Fifty-seven minutes of go. Three minutes of no. That's Brown's philosophy.
"Inhibition has been abandoned," Tiffany said. "There's never a bad time."
Think of Brown's offense this way: It's easy to drink water out of a glass, and if someone tips the glass at a steep angle while you're trying to drink, you probably won't have your lungs flooded; if, however, you attempt to drink directly from a firehouse spitting out water at maximum capacity, you will be drenched, drowned, and dead. That's what the Bears are doing to opponents this season with its offense, leaning on offensive inundation rather than pragmatic efficiency.
Looking at Brown's offensive profile this season, Bruno does not stand out as an offensive juggernaut in many metrics: The team's adjusted offensive efficiency ranking is right around the middle of the nation and the team is shooting -- on a raw basis -- 29.83 percent, a mark that ranks 20th nationally (the team's raw offensive shots on goal shooting rate is much stronger at 52.88 percent, a value that ranks 11th nationally). This isn't a classic offense wherein a team makes the numbers on the scoreboard change through a surgeon's precision. Rather, Brown is using the power of volume to erase its offensive efficiency issues. The following table helps illustrate that fact:
METRIC | VALUE | NT'L RANK |
Estimated Pace | 83.88 | 1 |
Estimated Offensive Opportunities per 60 Minutes | 45.17 | 1 |
Estimated Offensive Opportunities per 60 Minutes Margin | +6.47 | 3 |
Estimated Functional Offensive Opportunities per 60 Minutes | 42.09 | 1 |
Estimated Functional Opportunities Margin Ratio | 93.17% | 20 |
Estimated Lost Functional Opportunities Ratio | 34.52% | 15 |
Estimated Lost Functional Opportunities Margin Ratio | +8.09% | 10 |
No team in the country plays more offensive opportunities per 60 minutes on an estimated basis than Bruno. None. To provide context to this, Brown plays almost as many offensive possessions per 60 minutes on an estimated basis (45.17) as the slowest team in the nation -- Monmouth -- plays total offensive and defensive possessions per 60 minutes of play (53.10). Basically, Bruno is using a nuclear bomb to heat up its pizza rolls.

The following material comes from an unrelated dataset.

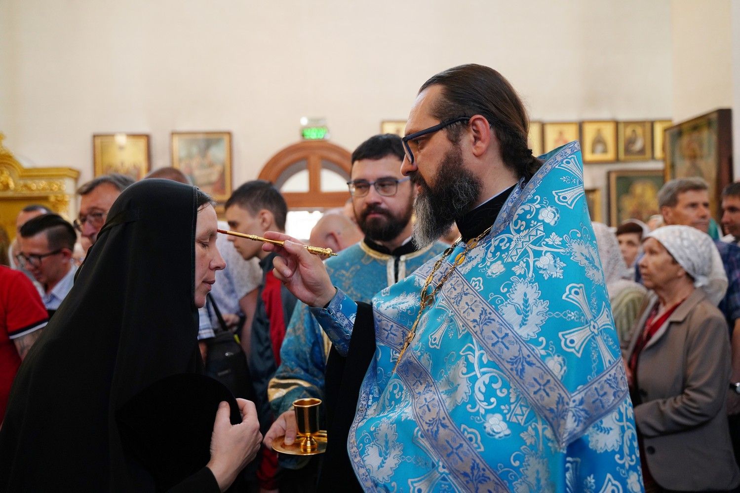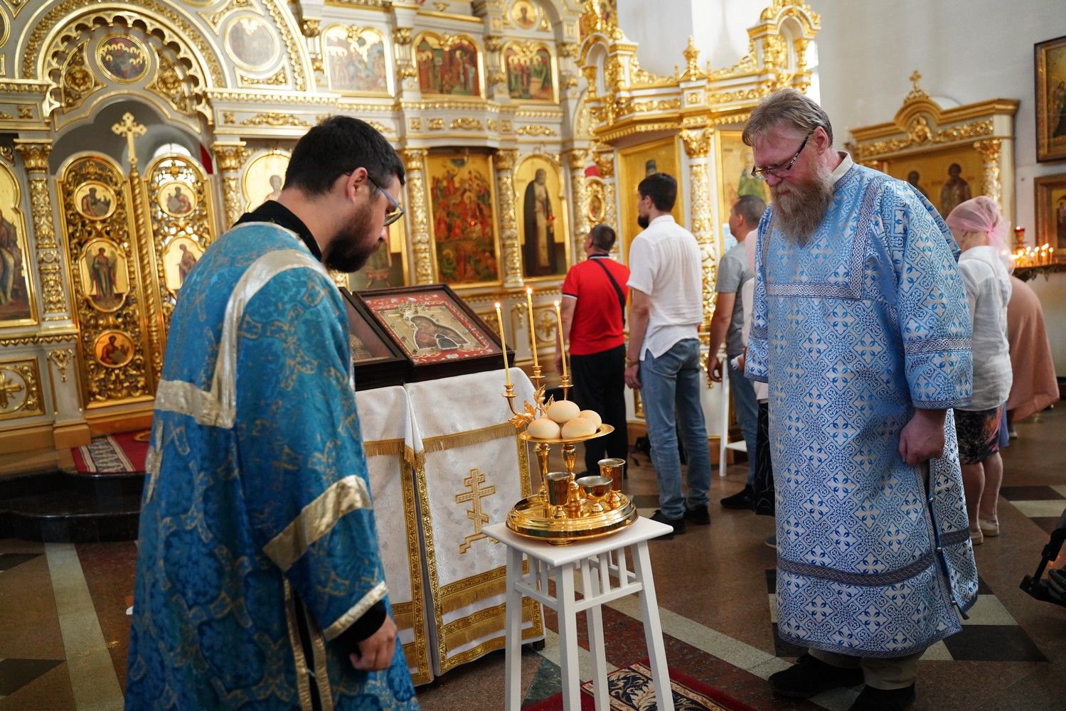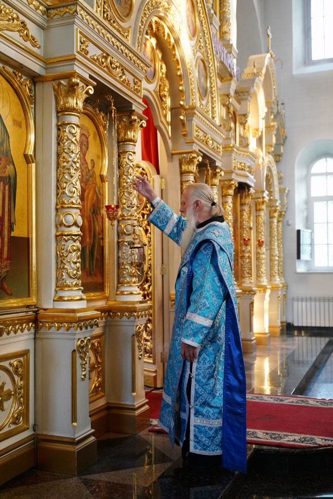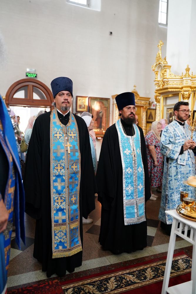 Владыке сослужили секретарь Йошкар-Олинского епархиального управления иерей Димитрий Дьяков, настоятель храма иерей Александр Лоскутов, клирики храма иерей Никита Смирнов, иерей Евгений Симаков и диакон Димитрий Кудряшов, а также протодиакон Михаил Козловский. Песнопения исполнял хор храма под управлением регента Наталии Поповой.
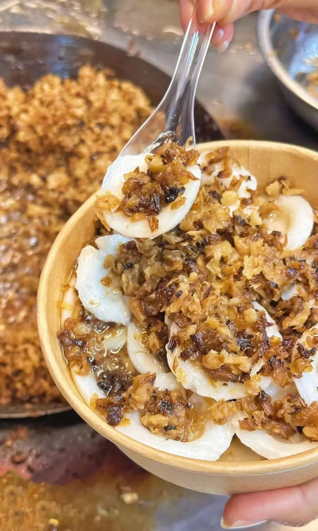 还有一种叫水粿,是把粿做成小碗状,看上去超级可爱,然后在里面加料、淋上糖浆,甜度很浓。

That volume has paid dividends for the Bears. If Brown was playing around 32 offensive opportunities per 60 minutes -- the estimated national average -- the Bears would only be putting about 11 goals per game on the board. That's about a five-goal difference per game based on a decrease of around 13 offensive opportunities per contest. Offensive production for Brown ties heavily to the team's ability to generate a buttload of offensive opportunities in a game in order to freak out the scoreboard the way the team has in 2015. Possessions matter in different ways for different teams, and Bruno's desire to create an insane number of offensive opportunities has masked the team's relative offensive inefficiency and permitted circumstances conducive to elevated goal output through heavy offensive opportunity quantities.
This creates lots of questions: What happens to Brown when teams attempt to possession-starve the Bears? What happens to Bruno when opponents fervently attempt to deflate tempo? What happens to Brown when the Bears face elite defenses that are capable of taking advantage of Bruno's non-elite efficiency? What happens to Brown if the Bears get sloppy with the bean and its ratio of lost functional offensive opportunities weakens? What happens to Bruno if the team is unable to dominate possession margin, thereby shrinking the team's ability to inflate its offensive opportunities? These are questions that opposing defensive coordinators will face and attempt to address as the season unfolds, but for the moment, Brown's system built around "GO!" has merited the team the kind of possessions it needs to dump buckets of beans in the net and outpace its opponents.